It would have been obvious to a person of ordinary skill in the art prior to the effective filing date of the instantly claimed invention to arrange Harris’s triple effect evaporator based on Clark’s teachings and suggestions. One of ordinary skill in the art would have been motivated to arrange Harris’s triple effect evaporator into the backward feed arrangement or the mixed feed arrangement taught by Clark, because Clark suggests that the backward feed is more efficient than a forward feed and can reduce viscosity differences in viscous fermentation broths; and Clark suggests that the mixed feed arrangement allows for the final evaporation to be performed at the highest temperature (see [0105]).
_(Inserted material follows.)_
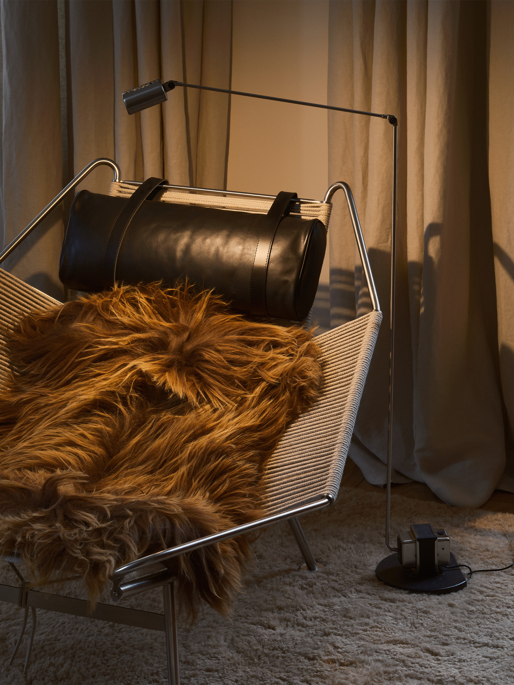 PP 225, известное как Flag Halyard Chair, — это икона современного дизайна, созданная датчанином Хансом Вегнером в 1950 году. Кресло-шезлонг является воплощением творческой свободы и мастерства, смешивая строгую утилитарность и непривычную для Скандинавии роскошь. Конструкция выполнена из нержавеющей стали, оплетена 240 метрами каната и дополнена мягким мехом.

There would have been a reasonable expectation of success because Harris teaches concentrating biomass in a triple effect evaporator (see [0147]), and Clark teaches triple effect evaporator arrangements that are useful for isolating compounds of interest, such as GBL.
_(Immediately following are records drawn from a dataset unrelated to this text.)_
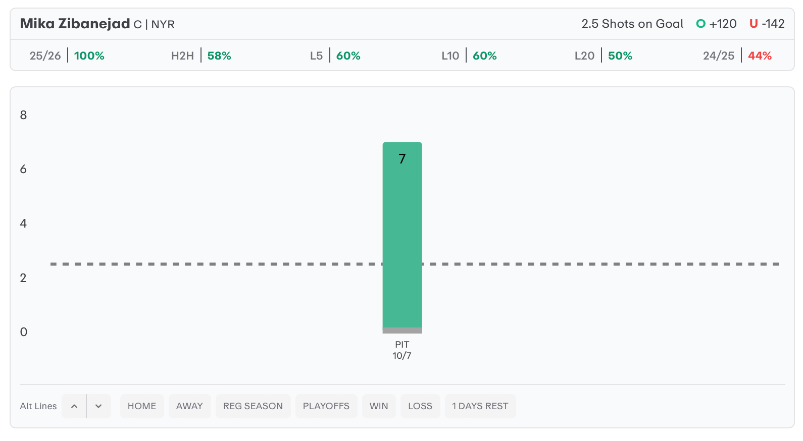 In his season opener against Pittsburgh, Mika Zibanejad landed 7 shots on goal on 11 total attempts. With this type of volume, we will look at him again tonight against Buffalo. He hit this line in all 3 meetings with the Sabres last season, and he had a 70% hit rate over this line in games with 5+ attempts.
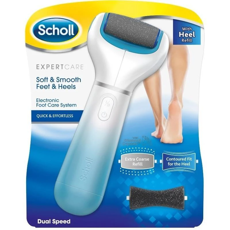 Scholl Electronic Foot Care System er en elektrisk fodfil, som effektivt fjerner hård hud og giver dig bløde og smukke fødder uden besvær. Apparatet er ergonomisk designet med et ‘soft touch’ håndtag, som ligger godt i hånden.
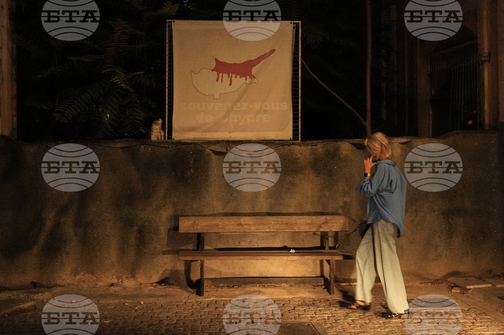 A woman walks at the old city as a cat sits on the sandbags wall in divided capital Nicosia, Cyprus, Sept. 26, 2025. (AP Photo/Petros Karadjias)

Regarding claim 8, Clark teaches removing a portion of water in any amount including 5%, 10%, 15%, 20%, 25%, 30%, 35%, 40%, 50%, 60%, 70%, 80%, and all values in between. See [0099]. Clark discloses in a multiple effect arrangement, the latent heat of the vapor product off of an effect is used to heat the following effect. See [103].
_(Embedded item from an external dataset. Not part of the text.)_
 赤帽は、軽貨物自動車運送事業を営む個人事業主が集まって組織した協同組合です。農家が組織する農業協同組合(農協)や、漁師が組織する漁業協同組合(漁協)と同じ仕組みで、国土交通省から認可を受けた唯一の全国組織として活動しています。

Harris, Samuelson and Clark do not teach removing 20-50% of water contained in the starting biomass in the first evaporator, removing 20-45% of water contained in the starting biomass in the second evaporator, and removing 5-35% water contained in the starting biomass in the third evaporator.
It would have been obvious to a person of ordinary skill in the art prior to the effective filing date of the instantly claimed invention to optimize the portion of water removed in each evaporator of Harris’s triple effect evaporator based on Clark’s suggestion. One of ordinary skill in the art would have been motivated to do so because Clark suggests that the vapor product of the first effect impacts the heating of the following effect (see [0103]). There would have been a reasonable expectation of success because Clark teaches removing a portion of water in any amount. MPEP 2144.05(II) “[w]here the general conditions of a claim are disclosed in the prior art, it is not inventive to discover the optimum or workable ranges by routine experimentation." In re Aller, 220 F.2d 454, 456, 105 USPQ 233, 235 (CCPA 1955).
Regarding claim 10, Harris teaches concentrating biomass using a triple effect evaporator. See [0147].
Samuelson discloses that heating of solvent+P4HB phase under vacuum will produce GBL by a thermal unzipping reaction of the polymer chain in solution. The thermal unzipping reaction at a temperature 50°C - 190°C. See [0029].
Harris and Samuelson do not teach carrying out step (a) [introducing the starting biomass to an evaporator] at a temperature from 70-90˚C under vacuum.
Clark teaches an evaporator system comprising one or more effects. See claim 9 of Clark. The evaporator system comprises a double- or triple-effect evaporator. See claim 10 of Clark. The evaporator system comprises a vacuum. See claim 14 of Clark.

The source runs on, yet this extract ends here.